▶ Try it: Word for word, write the lines below out again, with no pictures.

[Records from a data source]
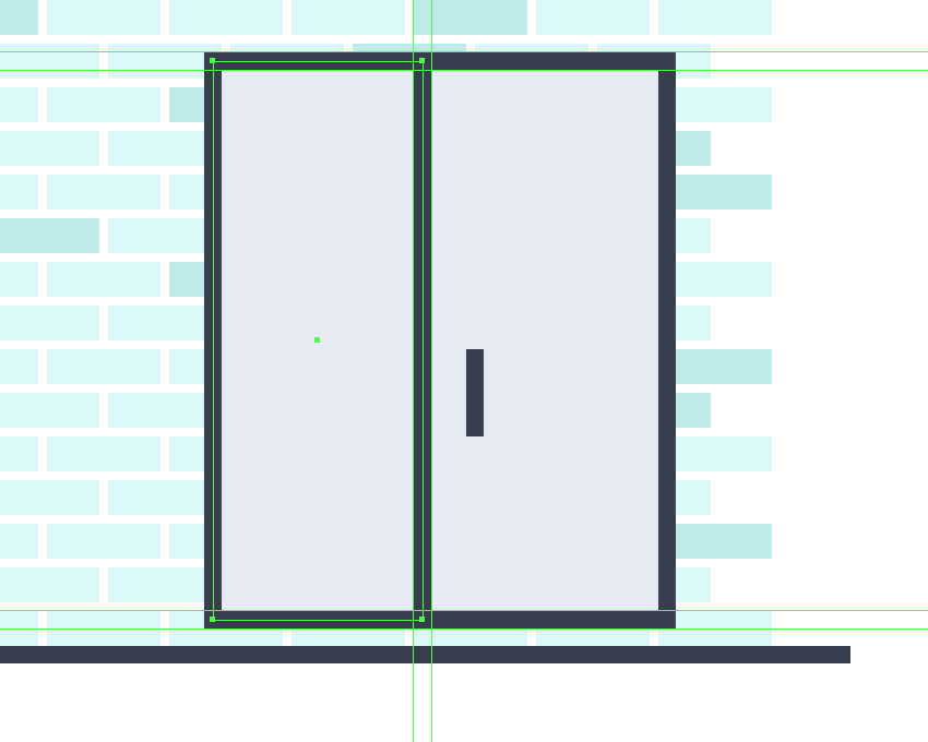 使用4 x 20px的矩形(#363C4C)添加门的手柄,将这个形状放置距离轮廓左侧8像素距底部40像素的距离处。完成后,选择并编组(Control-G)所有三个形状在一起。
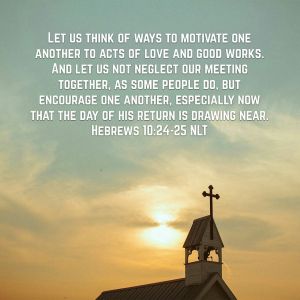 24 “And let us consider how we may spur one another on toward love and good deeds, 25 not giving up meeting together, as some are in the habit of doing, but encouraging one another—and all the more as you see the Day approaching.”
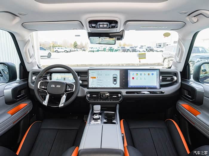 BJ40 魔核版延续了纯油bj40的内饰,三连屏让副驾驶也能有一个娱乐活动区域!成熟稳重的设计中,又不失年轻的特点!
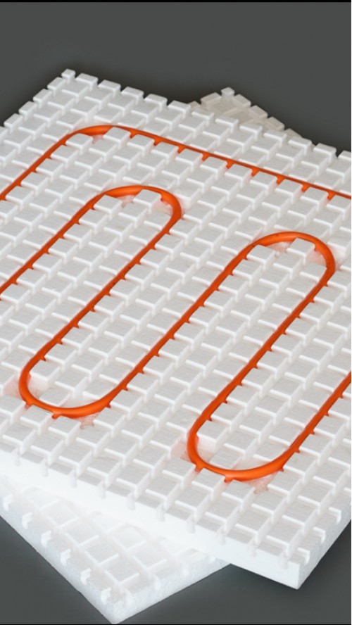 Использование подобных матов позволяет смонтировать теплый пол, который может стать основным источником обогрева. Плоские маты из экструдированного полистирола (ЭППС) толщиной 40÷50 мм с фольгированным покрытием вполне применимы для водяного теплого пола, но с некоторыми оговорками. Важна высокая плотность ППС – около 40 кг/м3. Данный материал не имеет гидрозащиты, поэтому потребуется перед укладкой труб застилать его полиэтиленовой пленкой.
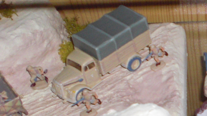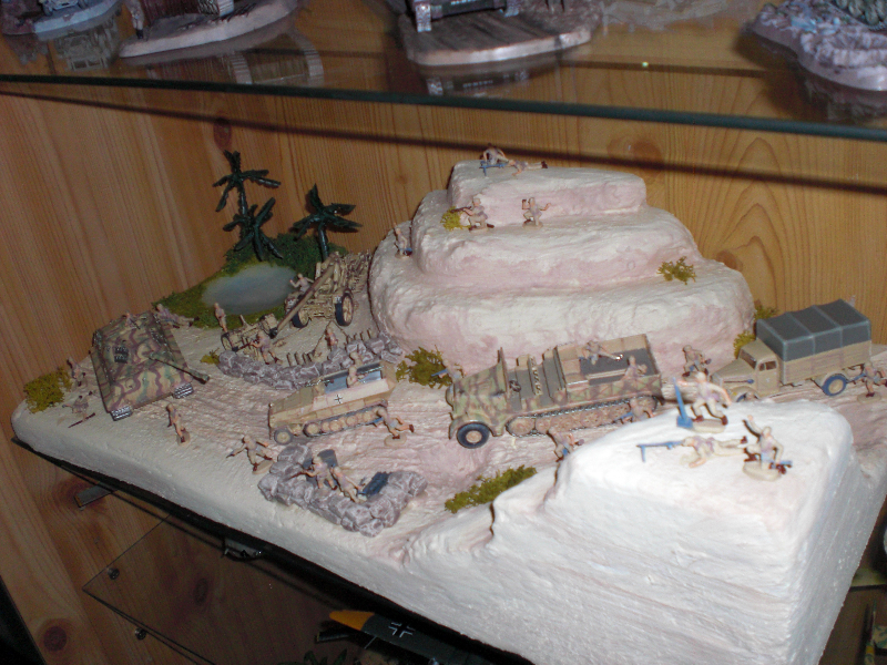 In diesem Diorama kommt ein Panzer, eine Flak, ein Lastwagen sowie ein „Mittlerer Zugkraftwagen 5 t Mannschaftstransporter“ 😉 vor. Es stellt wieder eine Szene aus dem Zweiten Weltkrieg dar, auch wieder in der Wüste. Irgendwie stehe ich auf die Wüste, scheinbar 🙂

▶ Solution to the exercise:
 使用4 x 20px的矩形(#363C4C)添加门的手柄,将这个形状放置距离轮廓左侧8像素距底部40像素的距离处。完成后,选择并编组(Control-G)所有三个形状在一起。
 24 “And let us consider how we may spur one another on toward love and good deeds, 25 not giving up meeting together, as some are in the habit of doing, but encouraging one another—and all the more as you see the Day approaching.”
 BJ40 魔核版延续了纯油bj40的内饰,三连屏让副驾驶也能有一个娱乐活动区域!成熟稳重的设计中,又不失年轻的特点!
 Использование подобных матов позволяет смонтировать теплый пол, который может стать основным источником обогрева. Плоские маты из экструдированного полистирола (ЭППС) толщиной 40÷50 мм с фольгированным покрытием вполне применимы для водяного теплого пола, но с некоторыми оговорками. Важна высокая плотность ППС – около 40 кг/м3. Данный материал не имеет гидрозащиты, поэтому потребуется перед укладкой труб застилать его полиэтиленовой пленкой.
 In diesem Diorama kommt ein Panzer, eine Flak, ein Lastwagen sowie ein „Mittlerer Zugkraftwagen 5 t Mannschaftstransporter“ 😉 vor. Es stellt wieder eine Szene aus dem Zweiten Weltkrieg dar, auch wieder in der Wüste. Irgendwie stehe ich auf die Wüste, scheinbar 🙂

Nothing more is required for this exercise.